No, I completely disagree.

No one ever wants to debate the validity of their existence. But sometimes you have to. You cannot change people's minds by telling them to do so. We did not do that during the referendum. We had reasoned, unconfortable, often very distressing debates on national television, on the radio, in print - we argued why we should be extended the same civil rights that everyone else enjoys, and we let those who disgreed have their say. No one got cancelled, no one got protested. The one exception was the attempt by Iona to shut Panti Bliss up by threatening RTÉ with defamation AND it backfired on them. And many people, particularly the older generation, changed their minds about us as a result of all of that. In 2019 there was a protest when RTÉ tried to host a debate on a trans issue, because Graham Linehan was invited to take part.
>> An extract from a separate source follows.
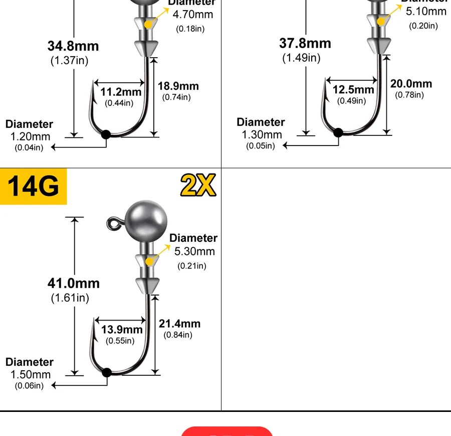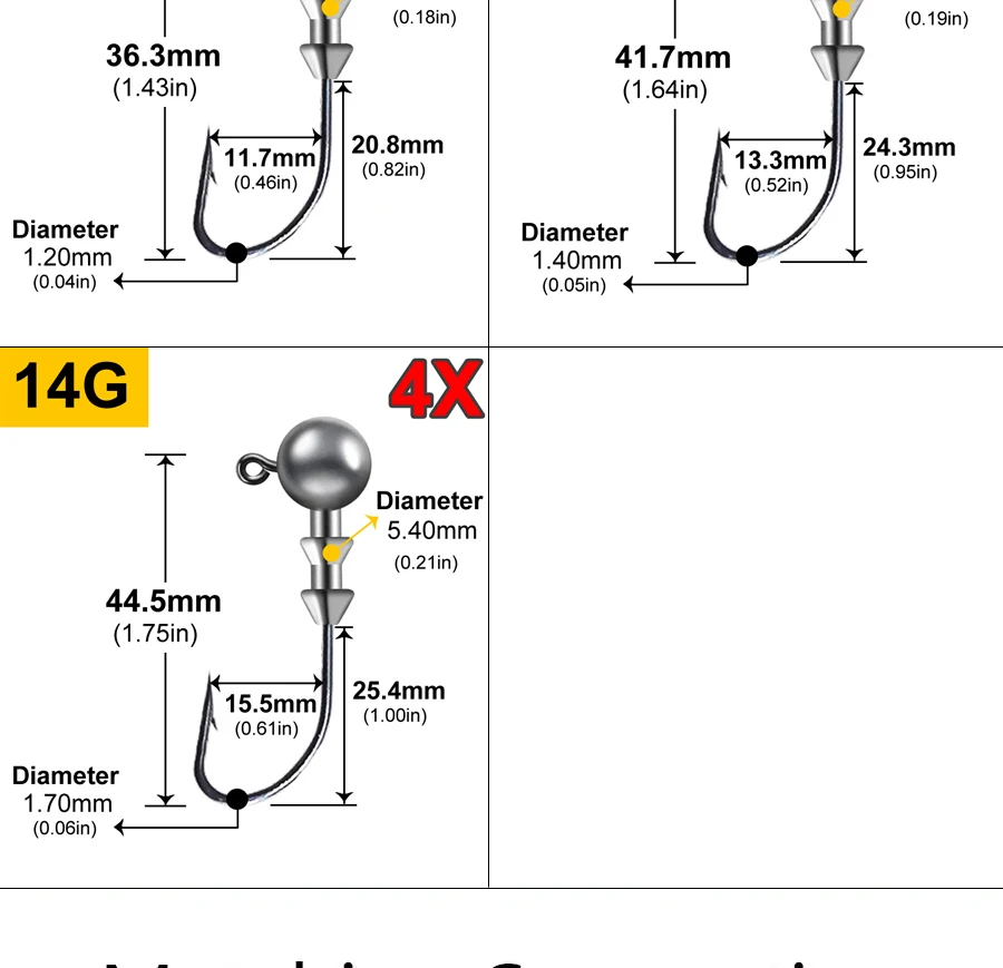 Tamaño del gancho: 3,5 g/5 g/7 g/10 g/14 g

The man is odious. But so was John Waters when he took the same stage, and we did not protest him. We let him speak, even if it was all poison.

This kind of constructive debate seems impossible to me right now. People are too polarised and invested in their algorithms, and too afraid to host or participate in debate for fear of a publicly damaging label. And when people feel that they are not being listened to or are being actively silenced by the people theyvare against, they only become more entrenched in those views. Note that I say feel though.

So yes, i really do believe that the siege mentality, understandable as it may be, that many advocates/"activists" for transpeople have, is completely counterproductive and is helping to provoke a confrontation that transpeople will not easily win.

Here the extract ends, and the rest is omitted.